To revert the index of the dataframe from multi-index to a single index using the Pandas inbuilt function reset_index(). Returns: (Data Frame or None) DataFrame with the new index or None if inplace=True.
You could use get_level_values
:
firsts = df1.index.get_level_values('first')
df1['value2'] = df2.loc[firsts].values
Note: you are almost doing a join
here (except the df1 is MultiIndex)... so there may be a neater way to describe this...
.
In an example (similar to what you have):
df1 = pd.DataFrame([['a', 'x', 0.123], ['a','x', 0.234],
['a', 'y', 0.451], ['b', 'x', 0.453]],
columns=['first', 'second', 'value1']
).set_index(['first', 'second'])
df2 = pd.DataFrame([['a', 10],['b', 20]],
columns=['first', 'value']).set_index(['first'])
firsts = df1.index.get_level_values('first')

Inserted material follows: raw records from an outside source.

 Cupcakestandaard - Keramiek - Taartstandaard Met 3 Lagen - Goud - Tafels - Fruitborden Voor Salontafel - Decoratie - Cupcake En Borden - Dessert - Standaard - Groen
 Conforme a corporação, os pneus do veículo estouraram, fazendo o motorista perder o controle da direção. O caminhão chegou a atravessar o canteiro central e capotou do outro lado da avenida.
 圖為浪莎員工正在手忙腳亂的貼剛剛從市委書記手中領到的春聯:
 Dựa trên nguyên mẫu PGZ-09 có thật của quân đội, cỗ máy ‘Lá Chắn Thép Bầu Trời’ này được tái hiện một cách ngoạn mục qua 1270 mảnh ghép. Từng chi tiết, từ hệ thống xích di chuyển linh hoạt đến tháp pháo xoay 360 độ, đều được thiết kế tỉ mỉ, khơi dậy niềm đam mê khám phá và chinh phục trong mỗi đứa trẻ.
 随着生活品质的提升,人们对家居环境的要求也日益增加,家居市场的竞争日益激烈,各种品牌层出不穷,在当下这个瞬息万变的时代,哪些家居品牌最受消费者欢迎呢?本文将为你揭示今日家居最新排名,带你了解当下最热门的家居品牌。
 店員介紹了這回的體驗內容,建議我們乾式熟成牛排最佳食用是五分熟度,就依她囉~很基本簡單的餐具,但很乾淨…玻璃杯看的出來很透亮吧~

df1['value2'] = df2.loc[firsts].values
In [5]: df1
Out[5]:
value1 value2
first second
a x 0.123 10
x 0.234 10
y 0.451 10
b x 0.453 20
According to the documentation, as of pandas 0.14, you can simply join single-index and multiindex dataframes. It will match on the common index name. The how
argument works as expected with 'inner'
and 'outer'
, though interestingly it seems to be reversed for 'left'
and 'right'
(could this be a bug?).
df1 = pd.DataFrame([['a', 'x', 0.471780], ['a','y', 0.774908], ['a', 'z', 0.563634],
['b', 'x', -0.353756], ['b', 'y', 0.368062], ['b', 'z', -1.721840],
['c', 'x', 1], ['c', 'y', 2], ['c', 'z', 3],
],
columns=['first', 'second', 'value1']
).set_index(['first', 'second'])
df2 = pd.DataFrame([['a', 10], ['b', 20]],
columns=['first', 'value2']).set_index(['first'])

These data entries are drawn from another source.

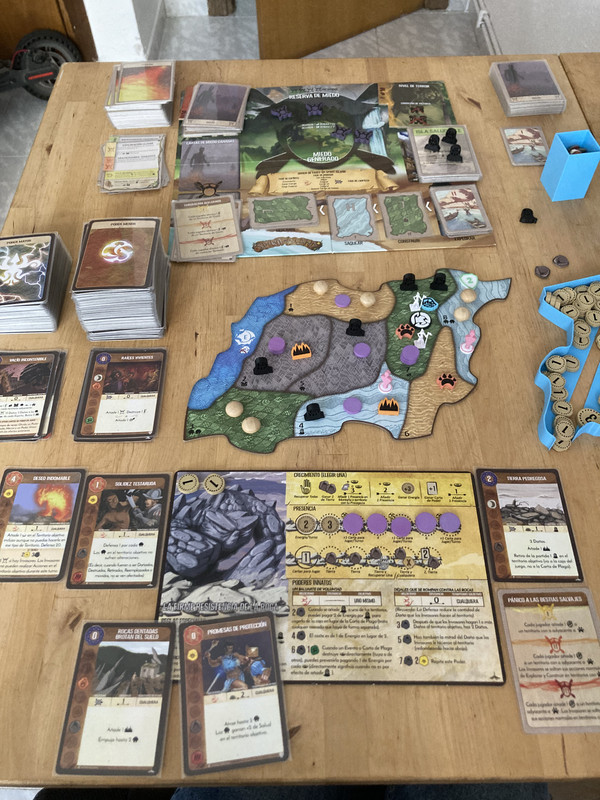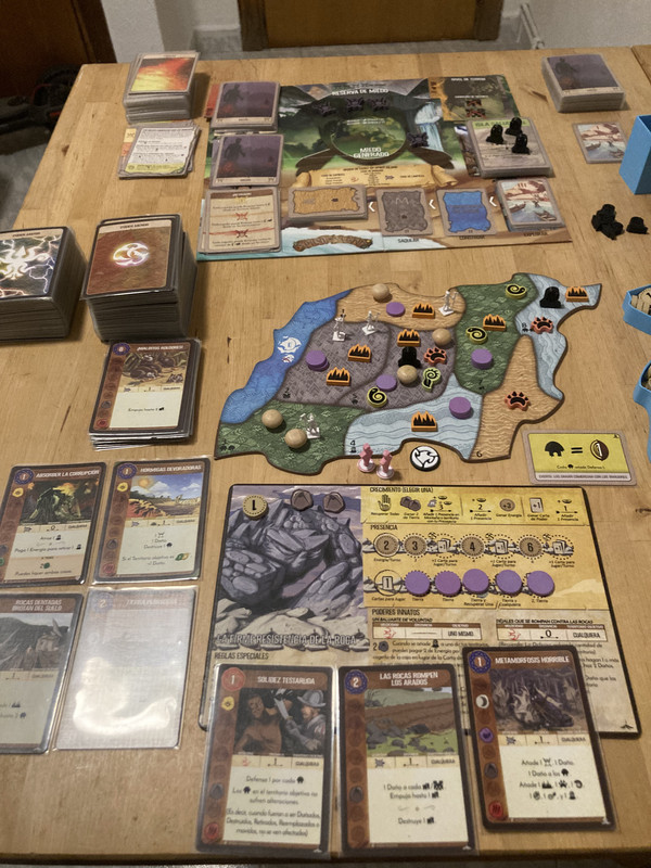 Llevo un par de días jugado a Spirit Island con "la firme resistencia de la roca", el un espíritu que me gusta mucho y seguramente practique para ampliar la guía. Siempre lo he jugado con la fila de abajo pero he leído mucha gente que la óptima es la superior
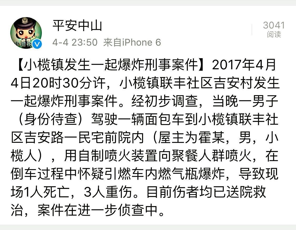 2017年4月4日20時(shí)30分許,小欖鎮(zhèn)聯(lián)豐社區(qū)吉安村發(fā)生一起爆炸刑事案件。經(jīng)初步調(diào)查,當(dāng)晚一男子(身份待查)駕駛一輛面包車(chē)到小欖鎮(zhèn)聯(lián)豐社區(qū)吉安路一民宅前院內(nèi)(屋主為霍某,男,小欖人),用自制噴火裝置向聚餐人群噴火,在倒車(chē)過(guò)程中懷疑引燃車(chē)內(nèi)燃?xì)馄勘?,?dǎo)致現(xiàn)場(chǎng)1人死亡,3人重傷。目前傷者均已送院救治,案件在進(jìn)一步偵查中。
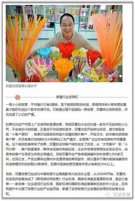 “雙童”一直以來(lái)都深受媒體關(guān)注。這不,10月26日 《亞洲食品與飲料》雜志發(fā)出了一篇關(guān)于“雙童”的報道!《亞洲食品與飲料》是一本食品與飲料行業(yè)的導航雜志哦,下面吸管妞就帶大家來(lái)看看吧!
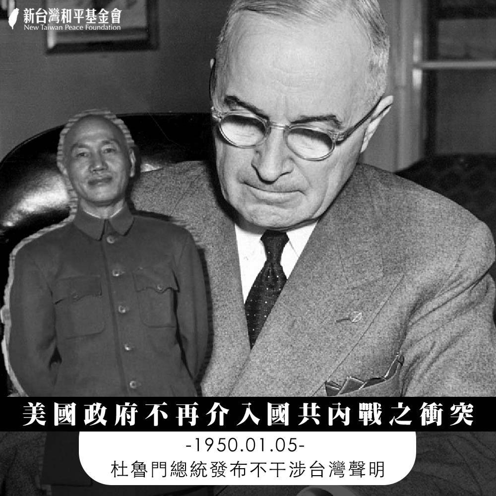 1950年初,美國杜魯門政府冷戰下的地緣政治考量,以及對蔣介石政權獨裁統治、貪汙腐敗的厭惡,準備放棄台灣與朝鮮半島。直到該年6月25日,朝鮮人民共和國(北韓)入侵大韓民國(南韓),韓戰爆發,麥克阿瑟主導反攻,杜魯門政府才扭轉棄韓、棄台政策,派第七艦隊巡防台灣海峽,防止中華人民共和國侵略台灣。
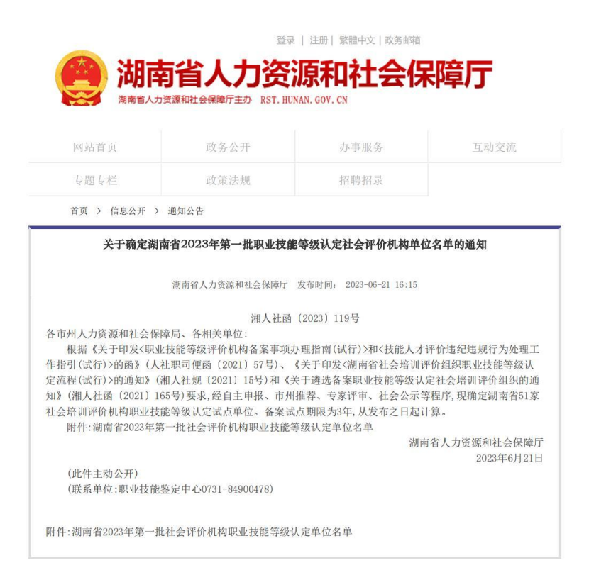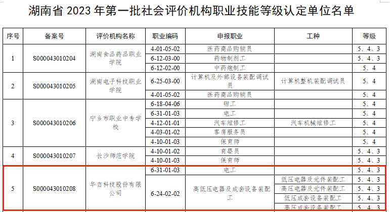 近日,湖南省人力资源和社会保障厅印发《关于确定湖南省2023年第一批职业技能等级认定社会评价机构单位名单的通知》,开云手机平台_开云(中国)等51家单位经专家评审确定具备职业技能等级认定社会评价资格。公司职业技能工作再上新台阶,可面向社会开展指定职业(工种)职业技能等级认定工作。
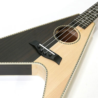 ハードロックとハワイアンの融合です。オフセットのVシェイプスタイルが、目に飛び込むインパクト” ” のウクレレです。ハードなリフ?テクニカルな早弾き?ウクレレでプレイしませんか?
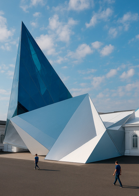 Promt: Create an image of a crystal-shaped building that houses a store featuring products related to an exhibition dedicated to Mikhail Matyushin. The architecture should be modern and reflective, with sharp angles and facets resembling a large gemstone. Inside the store, display various artistic items inspired by Matyushin’s work, such as paintings, sculptures, and prints. The atmosphere should be vibrant and inviting, with colorful lighting that highlights the exhibits and the unique structure of the building.
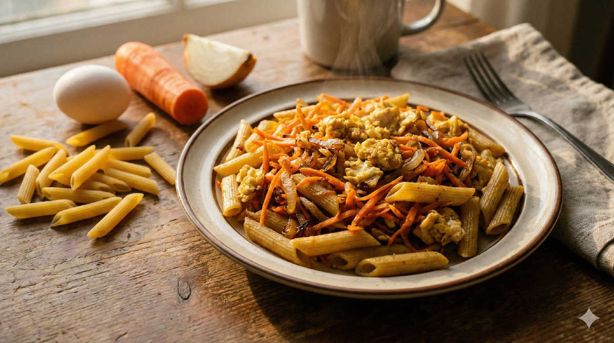 Ингредиенты (1–2 порции) Макароны — 80 г (сухие). Яйца — 2 шт. Морковь — 60–80 г (1 небольшая). Лук — 40–50 г (½ средней головки). Масло растительное — 1 ст. л. Соль, перец, любые недорогие специи — по вкусу. Как готовить: Подготовь продукты.
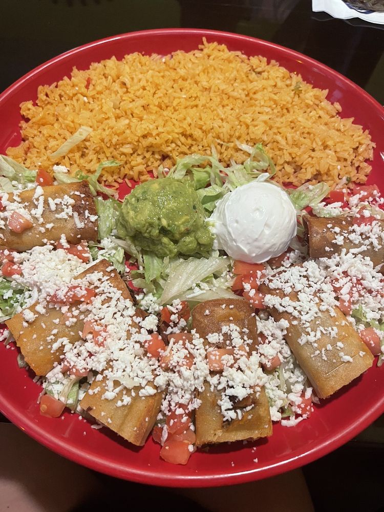 Crispy flour tortillas filled with chicken, rolled and fried. Served with guacamole, sour cream, tomatoes and lettuce.
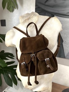头层牛皮双肩书包双口袋翻盖设计单肩通勤美拉德复古真皮磨砂背包
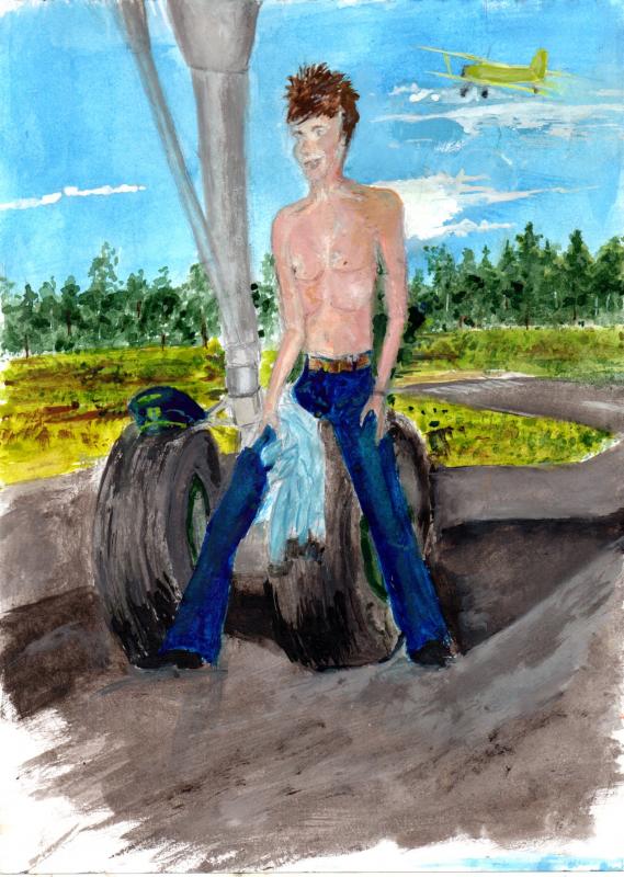 В Коровино-Быково ветер дует поперек полосы больше, чем нам можно, т.е. больше 12 метров и мы сидим, ждем, когда же он ослабнет или хотя бы на встречный подвернет, чтобы мы вылететь смогли. Лично я сидел в черных носках, но, сняв рубашку, под правым крылом (правильно: под правой консолью крыла) на колесе основной стойки шасси и загорал. Я просто никому не мог мешать, потому что, никого вокруг не было, даже редкие в Котласе самолеты разлетелись…

print(df1.join(df2, how='inner'))
value1 value2
first second
a x 0.471780 10
y 0.774908 10
z 0.563634 10
b x -0.353756 20
y 0.368062 20
z -1.721840 20
As the .ix
syntax is a powerful shortcut to reindexing, but in this case you are actually not doing any combined rows/column reindexing, this can be done a bit more elegantly (for my humble taste buds) with just using reindexing:
Preparation from hayden:
df1 = pd.DataFrame([['a', 'x', 0.123], ['a','x', 0.234],
['a', 'y', 0.451], ['b', 'x', 0.453]],
columns=['first', 'second', 'value1']
).set_index(['first', 'second'])
df2 = pd.DataFrame([['a', 10],['b', 20]],
columns=['first', 'value']).set_index(['first'])
Then this looks like this in iPython:
In [4]: df1
Out[4]:
value1
first second
a x 0.123
x 0.234
y 0.451
b x 0.453
In [5]: df2
Out[5]:
value
first
a 10
b 20
In [7]: df2.reindex(df1.index, level=0)
Out[7]:
value
first second
a x 10
x 10
y 10
b x 20
In [8]: df1['value2'] = df2.reindex(df1.index, level=0)
In [9]: df1
Out[9]:
value1 value2
first second
a x 0.123 10
x 0.234 10
y 0.451 10
b x 0.453 20
The mnemotechnic for what level you have to use in the reindex method: It states for the level that you already covered in the bigger index. So, in this case df2 already had level 0 covered of the df1.index.